Le salut est arrivé par le biais du livre d’Allen Carr, La méthode simple pour en finir avec la cigarette, que j’ai acheté un soir où je me baladais dans Extrapole, aux Quatre Temps (La Défense, Hauts-de-Seine, France).
Avec un titre comme ça, faut admettre que je n’étais pas très motivé, mais la quatrième de couverture et le petit prix (6€ environ) m’ont convaincu que ça valait au moins le coup d’essayer.
Je venais d’acheter quatre paquets de 25 Winston, et ce livre auquel je ne croyais pas beaucoup.
Je suis ensuite rentré chez moi et j’ai lu le livre, en 3h ! Bon, le livre en lui-même est plutôt mal écrit, avec de nombreuses et fastidieuses répétitions. Il est clair que Allen Carr n’est pas un écrivain, et qu’il veut faire passer son message, au risque de gonfler un peu le lecteur.

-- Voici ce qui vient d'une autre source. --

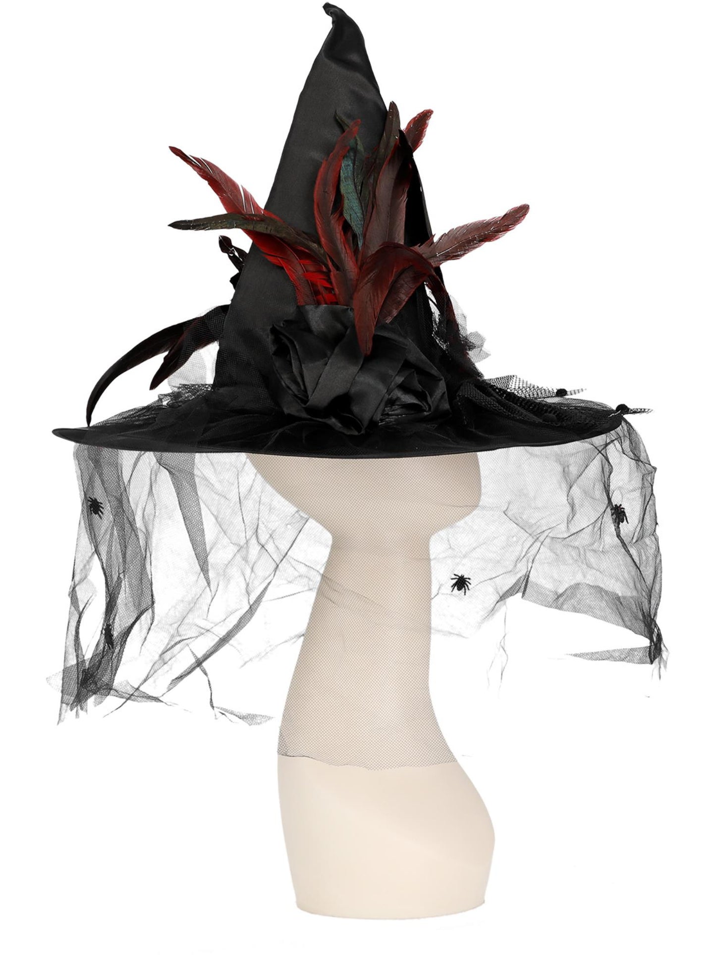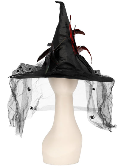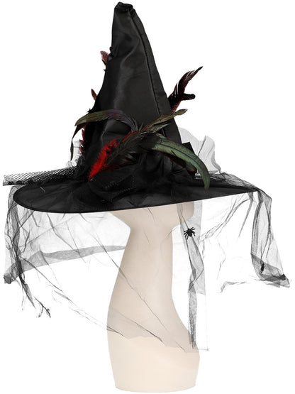 Witch Hat, Feathers & Netting, Black Deluxe

Ceci dit, j’ai été convaincu par ce qu’il avait à y dire, et dès le lendemain matin je ne fumais plus. Les quatre paquets de cigarettes que j’avais achetés ont trainé sur le frigidaire pendant 4 mois avant que j’en fasse finalement cadeau à mon ami Guillaume.

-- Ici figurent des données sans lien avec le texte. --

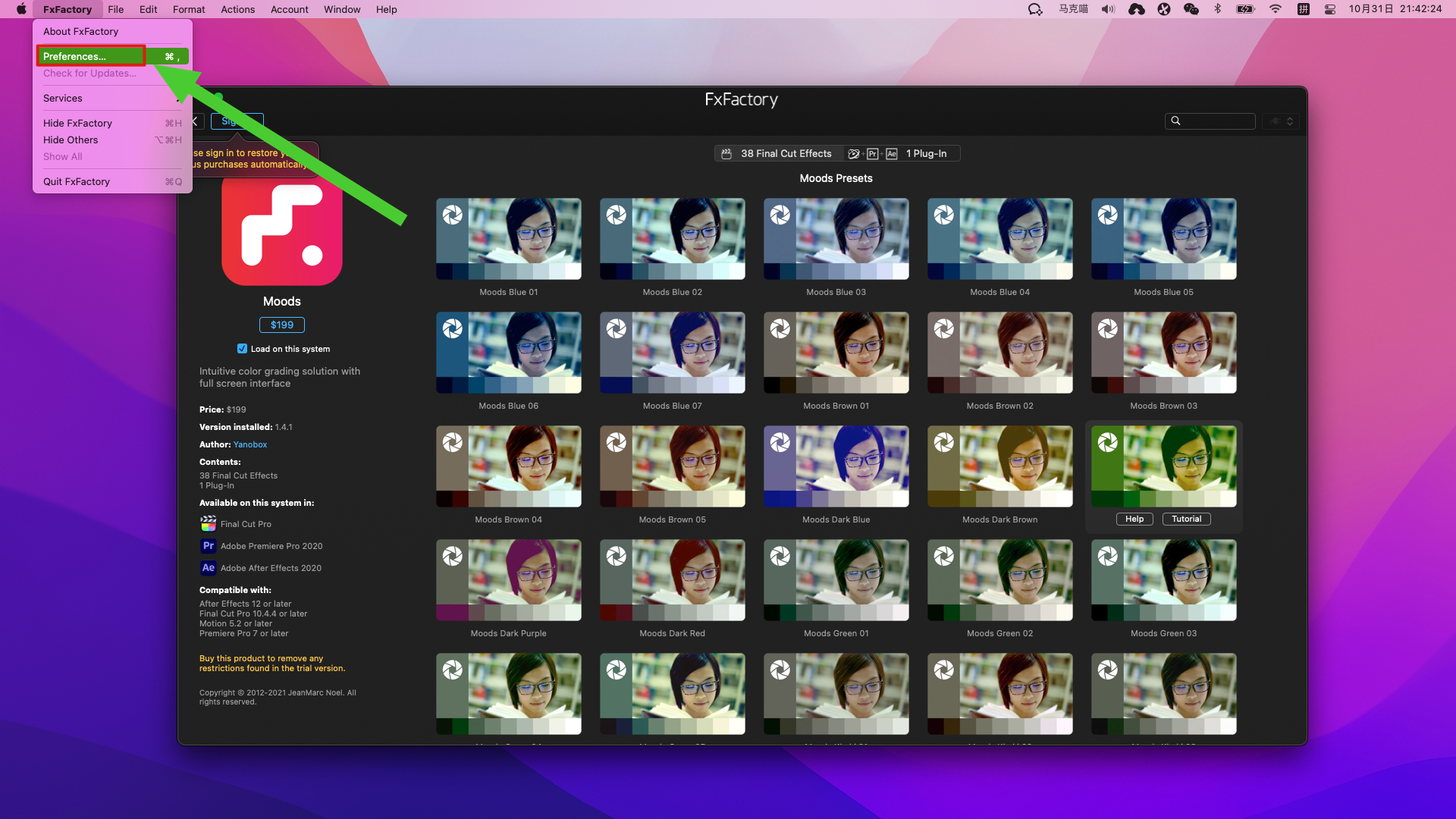 1.打开fxfactory mac,点击一个您需要安装的插件,如Moods,我们点击Download Trial

Je n’ai failli craquer qu’une fois depuis, c’est à la mort de papa, quelques semaines après avoir arrêté de fumer. Fort heureusement, mon frère, à qui j’ai demandé la cigarette qui m’aurait relancé sur la mauvaise pente m’a refusé celle-ci, me rapellant à juste titre à l’ordre. Il était clair que recommencer à fumer n’arrangerait rien.

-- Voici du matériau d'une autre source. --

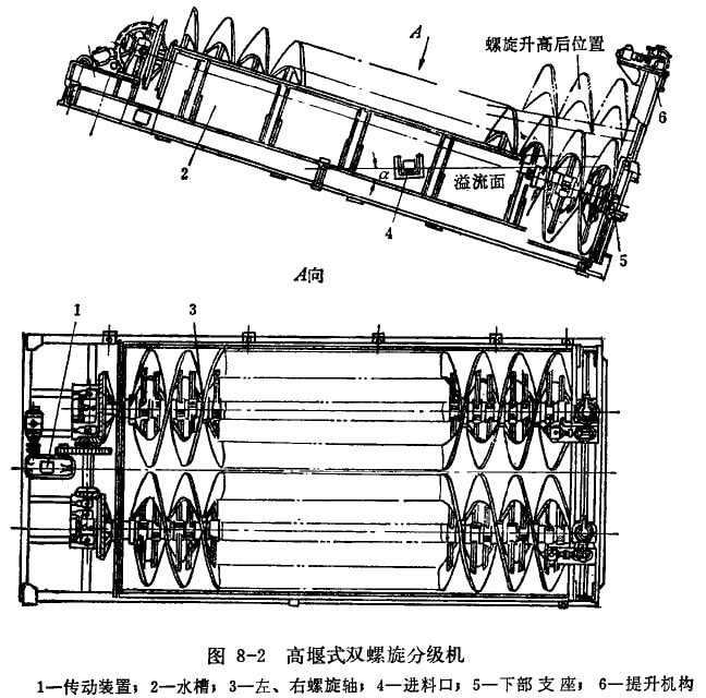 圖8-2為高堰式雙螺旋分級機的結構圖。半圓形水槽2通常用鋼板和型鋼焊成,其側壁沒有進料口。返砂口介槽體上端的下部。為了在必要時能排出砂漿,水槽下部沒有放水閥,正常工作時關閉。

Depuis, je suis fier d’être un non-fumeur et non un ex-fumeur, dans ce sens que lorsque je pense à la cigarette, je ne me dis pas “je tiens bon depuis 2ans et demi” mais “j’ai définitivement arrêté il y a 2 ans et demi”. La différence est subtile, mais c’est celle qui sépare la personne qui se sent frustrée de ne pas pouvoir fumer de celle qui se régale de ne plus être dépendante.
J’ai depuis offert ce livre à 3 personnes, mon frère, mon ami Guillaume, et ma belle-mère, mais la méthode n’a pas fonctionné avec eux. C’est assez décevant, surtout lorsque je vois à quel point cela a été facile pour moi… Il faut néanmoins noter que sur ces trois personnes, une seule admettait ouvertement vouloir arrêter de fumer, les deux autres jugeant que pour l’instant, elles aimaient bien fumer.